Task directions = Without the pictures, retype each line below exactly as it stands.

Dataset content =
---
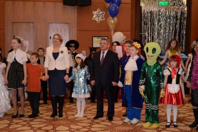 А на президентской елке в Акмолинской области был замечен костюм инопланетянина.
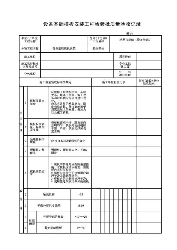 表格名称:设备基础模板安装工程检验批质量验收记录
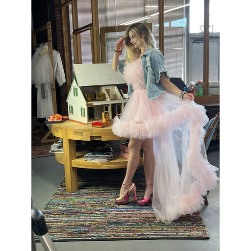 View full detailsThis enchanting dress captures the essence of ethereal beauty with its voluminous ruffled tulle and captivating high-low silhouette. The soft pink ...
---
Answer space =
 А на президентской елке в Акмолинской области был замечен костюм инопланетянина.
 表格名称:设备基础模板安装工程检验批质量验收记录
 View full detailsThis enchanting dress captures the essence of ethereal beauty with its voluminous ruffled tulle and captivating high-low silhouette. The soft pink ...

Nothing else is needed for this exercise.